# Postgres COPY staging design

This note records the next credible Postgres bulk-ingest direction for Exograph. The small `--postgres-copy` experiment that copied only `fragment_terms` did not improve indexing because Exograph currently appends many package-sized batches; COPY setup overhead dominated.

A fair COPY implementation should batch across packages and load larger staging tables.

## Goals

- Preserve existing functionality and persisted data: files, fragments, ASTs, hashes, terms, facts, graph nodes, call edges, and package scope.
- Preserve upsert/conflict semantics for package versions, files, fragments, and terms.
- Keep stable IDs available before dependent rows are inserted.
- Keep query indexes deferred until after the load when `--postgres-defer-indexes` is enabled.

## Proposed pipeline

1. Create regular target tables with only required unique indexes/constraints.
2. Create temporary or unlogged staging tables for high-volume rows:
   - files
   - fragments
   - comments
   - definitions
   - references
   - graph nodes
   - call edges
   - terms
   - fragment_terms
3. Accumulate rows across many packages in memory or bounded disk-backed chunks.
4. COPY staging chunks using `COPY ... FROM STDIN`.
5. Merge dimensions first:
   - packages
   - package_versions
   - terms
   - files
   - fragments
6. Fetch generated IDs into hash maps keyed by natural keys:
   - package `(ecosystem, name)`
   - package version `(package_id, version)`
   - file `(package_version_id, sha256)`
   - fragment `content_hash`
   - term text
7. Rewrite dependent staging rows with database IDs.
8. COPY/insert fact tables in dependency order.
9. Build deferred indexes and run `ANALYZE`.

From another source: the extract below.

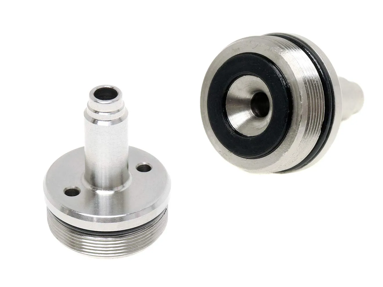 シリンダーヘッドは真鍮製で気密アップ、テーパー加工による流速アップ、ダンパーラバーによる静音性アップの3つのパラメーターアップを実現しています。

## Candidate implementation shape

Add an opt-in loader module rather than complicating ordinary per-package indexing:

```elixir
Exograph.Postgres.StagingLoader.load_packages(repo, prefix, package_rows, opts)
```

The Hex corpus task can route to it only when all of these are true:

- backend is Postgres
- `postgres_copy?: true`
- package workload is corpus-style, not ad-hoc source indexing
- staging batch size is above a threshold

## Risks

- Memory blow-up if too many package rows are accumulated.
- Duplicate handling must remain identical to current `insert_all` conflict behavior.
- Foreign-key order and ID resolution add complexity.
- Temporary/unlogged staging tables are appropriate for rebuildable local indexes, not durable ingestion guarantees.

## Recommendation

Do not extend the current row-by-row COPY helper further. The next useful implementation should be a dedicated staging loader with large batches and explicit ID-resolution phases. Until then, keep `--postgres-copy` documented as experimental and do not use it for headline benchmark claims.